The need for the arts.


Swami Kriyananda    

Paramhansa Yogananda was on a visit to Lake Chapala in Mexico with his student, an engineer. “We stood together in silence,” Yogananda related. “My inspiration was the contemplation of God’s beauty in Nature. I attributed my friend’s silence to the same cause. And then he exclaimed, “Just think of all the power you could get from this much water!” “The view before us was the same. It was our outlook that differed.”

“Circumstances,” Yogananda continued, “are always neutral. It is our reaction to them that gives them their meaning for us, making them appear either good or bad, pleasant or unpleasant, useful or beautiful.” What does art define for us? Our feelings, primarily. Feeling is seldom a deduction. It is a different faculty of understanding from the intellect. In its own way, it is as important as the intellect.

The mere fact, for instance, that the galaxy we live in contains billions of stars, and the universe as many billions of galaxies, hasn’t any meaning for us unless that abstract knowledge generates some reaction in us on a feeling level.

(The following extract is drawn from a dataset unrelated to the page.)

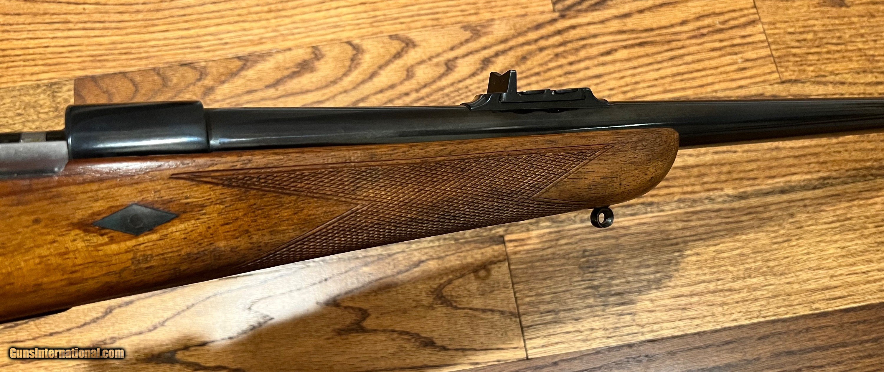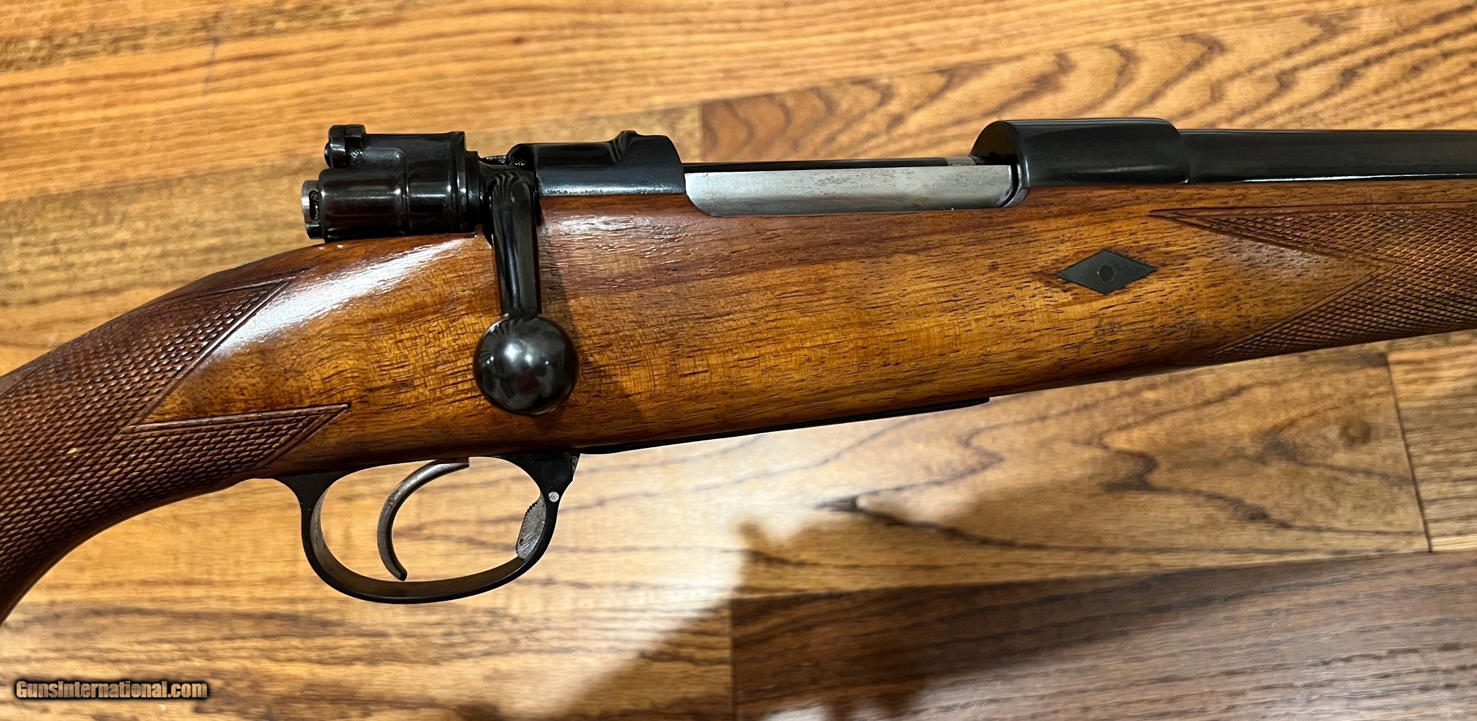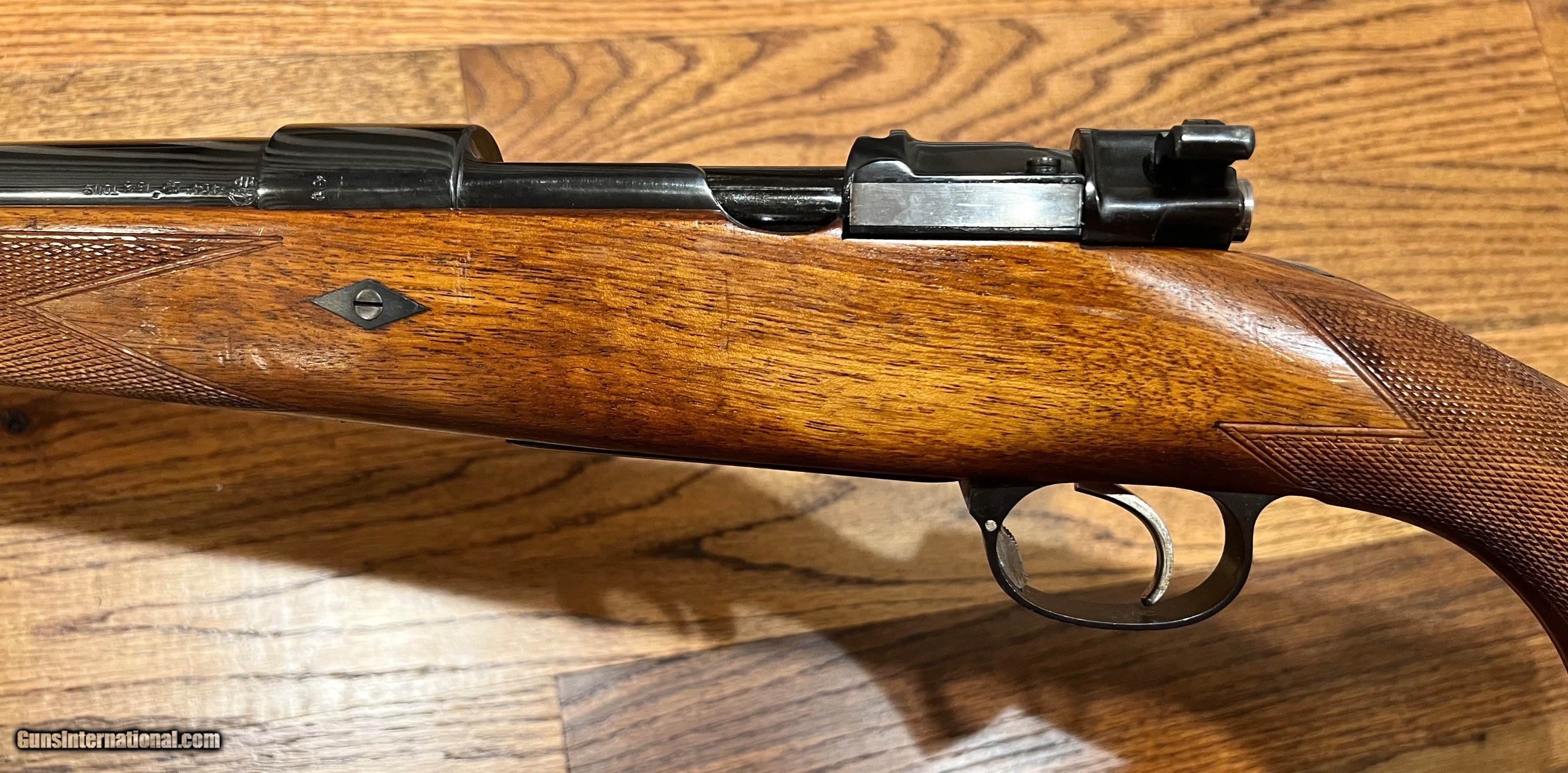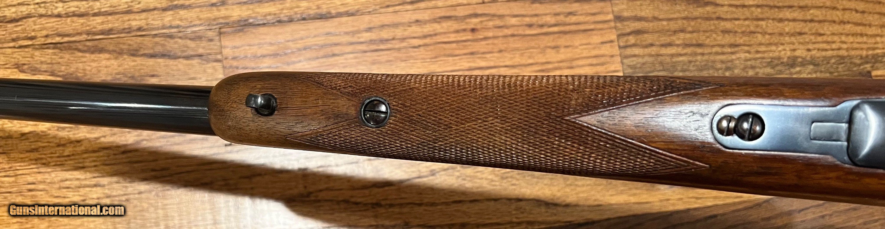 Description: Cogswell & Harrison 404 Jeffery Mauser action sporting rifle. 26" barrel with one folding and two standing express sights (100,200,300 yards) and ramp front sight with bead insert. Excellent as new bore Bolt face appears to be unfired Classic English express rifle stock with perfect checkering and minor storage marks. Original silvers pad in great condition Drop box magazine LOP 14 1/2 8lbs 3oz High quality London made English express rifle chambered in the classic 404 Jeffery, this rifle handles and points like a fine English shotgun. The rifle is in excellent condition and appears to be unfired with minor storage marks. SOLD Curio/Relic: Yes Rifle Caliber: .404 Jeffery |

Understanding is not synonymous with knowledge. It is born of the feeling awakened in us in response to knowledge: the sense of awe, perhaps, or of expanded awareness. Ignorance, by contrast, is not so much a lack of factual knowledge as an exaggerated reaction to whatever facts we know: a reaction of fear, perhaps, or of isolation, with a resulting inward contraction upon the ego.

Feeling, then, is of two kinds: calm and impersonal on the one hand, and emotional on the other.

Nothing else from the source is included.